Consider the following cyclic process carried out in two steps on a gas.
Step 1: 41. J of heat is added to the gas, and 20. J of expansion work is performed.
Step 2: 60. J of heat is removed from the gas as the gas is compressed back to the initial state.
Calculate the work for the gas compression in Step 2.
To calculate the work for the gas compression in Step 2, we can use the first law of thermodynamics, which states that the change in internal energy of a system is equal to the heat added to the system minus the work done by the system.
We are given the following information:
- In Step 1, 41 J of heat is added to the gas, and 20 J of expansion work is performed.
- In Step 2, 60 J of heat is removed from the gas as the gas is compressed back to the initial state.
Now, let's calculate the work for the gas compression in Step 2.
Since we have the heat transfer and we want to find the work done, we can use the first law of thermodynamics to express the change in internal energy:
ΔU = Q - W
Where:
ΔU is the change in internal energy
Q is the heat added to the system
W is the work done by the system
In Step 1, the net heat added to the system can be calculated as follows:
Q1 = Q_in - Q_out
= 41 J - 0 J
= 41 J
The work done by the system in Step 1 is given as 20 J.

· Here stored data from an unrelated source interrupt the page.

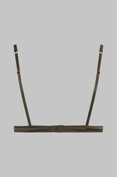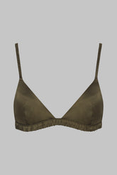 Natural silk triangle bra. Triangle cups without underwire that hold the breasts perfectly. Thin straps covered with gathered silk at the front and adjustable elastics at the back with golden accessories. Elastic band covered with gathered silk beneath the breasts. Fastens at the back with a adjustable clip.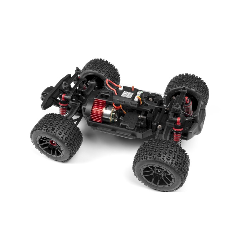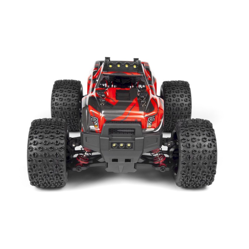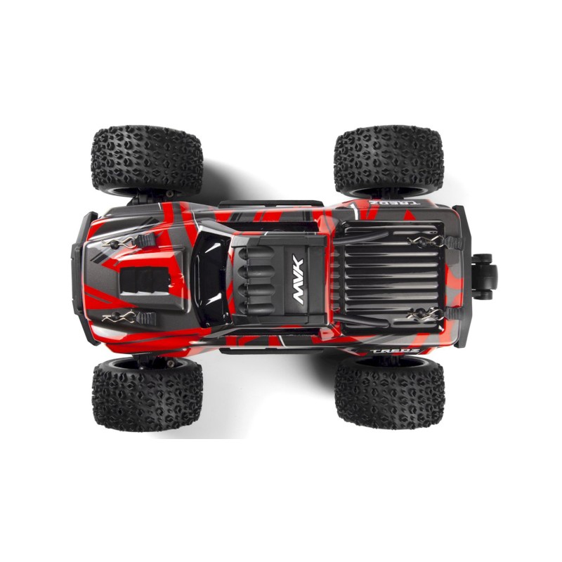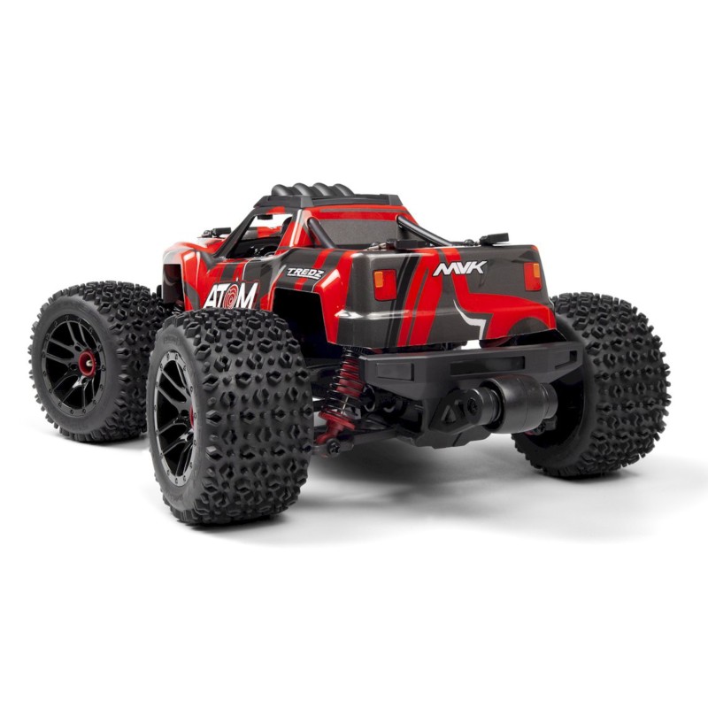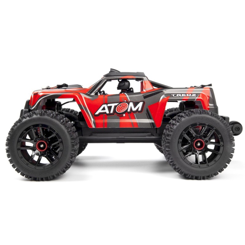 The ATOM is equipped with a custom screen-printed truck body, reinforced with a cage, available in four colors for a monster truck-scale appearance.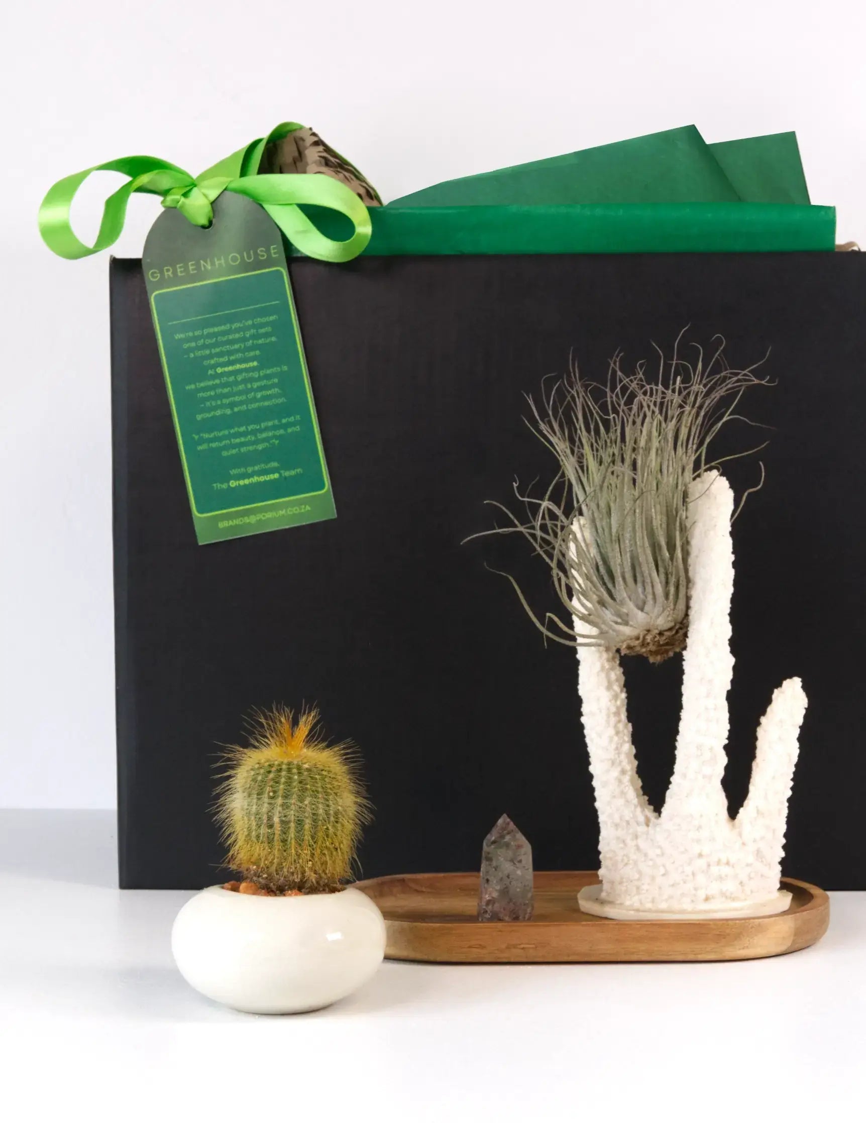 This sculptural set brings together earthy textures with soft tones and zen. Featuring a coral-inspired sculpture, easy-care cactus, air plant, and a grounding crystal. It’s designed to add a sense of stillness and style to any home or desk.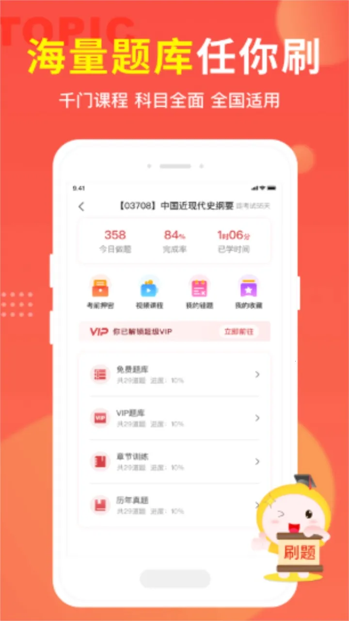 1. 提供练习打卡功能,能每日刷题打卡,有效提升学习水平。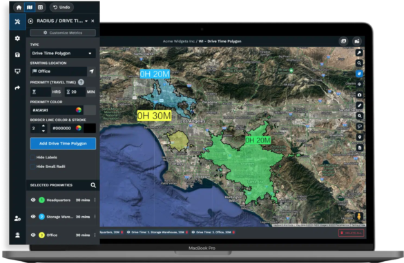 | Drive Time Mapping | Generate drive time polygons up to 8 hours using live traffic data and actual road networks. Maptive iQ uses 300% more calculation points than previous versions. Define service areas based on real-world driving conditions instead of simple radius circles. |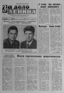 Орган Северного райкома КПСС и районного Совета народных депутатов Новосибирской области № 124 (4630 ) 15 октября 1977 года Газета выходит три раза в Цена 2 коп. Год издания 43-й СУББОТА неделю П о л е т к о с м и ч е с к о г о к о р а б л я « С о ю з - 2 5 » з а в е р ш е н Новалёнок Владимир Васильевич — командир космического корабля « С о ю з - 2 5 » . Рюмин Валерий Викторович — бортинженер космического корабля « С о ю з - 2 5 » . фртд В. Черединцева (Фотохроника ТАСС) 16 октября— День работников пищевой промышленности Свой профессиональный праздник отмечают д ва с половиной миллиона рабочих и служащих. Это хлебопеки и кондитеры, маслоделы и виноделы, труженики молочных и мыловаренных заводов, мясокомбинатов и парфюмерных предприятий. XXV съ езд КПСС определил новые рубежи в развитии пищевой и мясо-молочной индустрии. Перед тружениками отрасли стоит з ад ач а н а р яд у с увеличением об ъема производства повысить качество т о в а ров, расширить их ассортимент и улучшить питательные свойства, значительно увеличить производство продук тов питания в расфасованном и у п а кованном виде. Выполнить и перевыполнить планы десятой пятилетки — боевой лозунг всех коллек ти вов предприятий отр асли. Успешно закончили работники пищевой промышленности первый го д десятой пятилетки, многие из них досрочно з а вершили плановые з а д ан и я года. Широко развернулось на предприятиях отрасли социалистическое соревнование за достойную встречу 60-летия Великого О к т яб р я и успешное завершение планов второго год а д есятой пятилетки. Свой праздник тр уженики пищевой индустрии встречают в г о р я чую пору переработки се ль скохозяйственного сырья. Маслоделы— юбилею Октября Вместе с тружениками городов и сел нашей страны, несет юбилейную вахту О к тяб ря и коллектив Северного маслоз авода. Вступая в 1977 год, р або чие, ИТР и служащие з а в о д а включились в социалистическое соревнов ание з а досрочное выполнение государств енных планов и обязате льс тв. К 28 августа выполнен план двух лет десятой пятилетки по выработк е животного масла, сверх плана произведено 540 центнеров этой продукции. Успешно выполняются государственные планы 9- месяцев 1977 года. План производства масла выполнен на 115 процентов, цельномолочной продукции — на 115,7 процента. Достойный вкл ад в выполнение обязате льс тв внесли заведующие сепараторными отделениями А. И. Летов, В. Я. Смык, П. С. Федорова, Е. Ф. Ефимова и многие д р у гие работники нашей отрасли, которых отличают высокая ответственность и добросовестный труд. Самоотверженно пр о до лж а ет трудиться ветеран з а в о д а П. Е. Паршина , у д а р ник девятой пятилетки, член местного комитета . По д в е с половиной нормы выполняет у д ар н ик коммунистического труда столяр В. Т. Попов. Можно отметить тр у д сменного мастер а А. М. Глухова , р а бочей маслодельного цеха Н. Е. Калининой и многих дру гих рабочих и служ ащих произв одства, которые встречают Ден ь ра ботников пищевой промышленности высокими показателям и. Добросовестно трудится водительский состав з а в о д а , от которого во многом зависит ритм работы всего предприятия. Это член местного комитета Я. В Хмелев, шофера Т. К. Рецер, Г. Т. Соболев и многие другие . Коллектив масл о з аво да решает сейчас сложные задачи : з а счет повышения эффектив ности производств а, дисциплины труда , улучшения качества выр а ба тыв ае

Therefore, the change in internal energy in Step 1 can be calculated as:
ΔU1 = Q1 - W1
= 41 J - 20 J
= 21 J
Now, in Step 2, the heat removed from the system is given as 60 J. Therefore, we can write:
Q2 = -60 J
We want to find the work done by the system in Step 2, so we can rearrange the first law of thermodynamics equation as follows:
ΔU2 = Q2 - W2
⇒ W2 = Q2 - ΔU2
Substituting the values, we get:
W2 = -60 J - 21 J
= -81 J
Therefore, the work done for the gas compression in Step 2 is -81 J (negative sign indicates work done on the gas).
Note: The negative sign indicates that work is done on the gas during compression, rather than being done by the gas.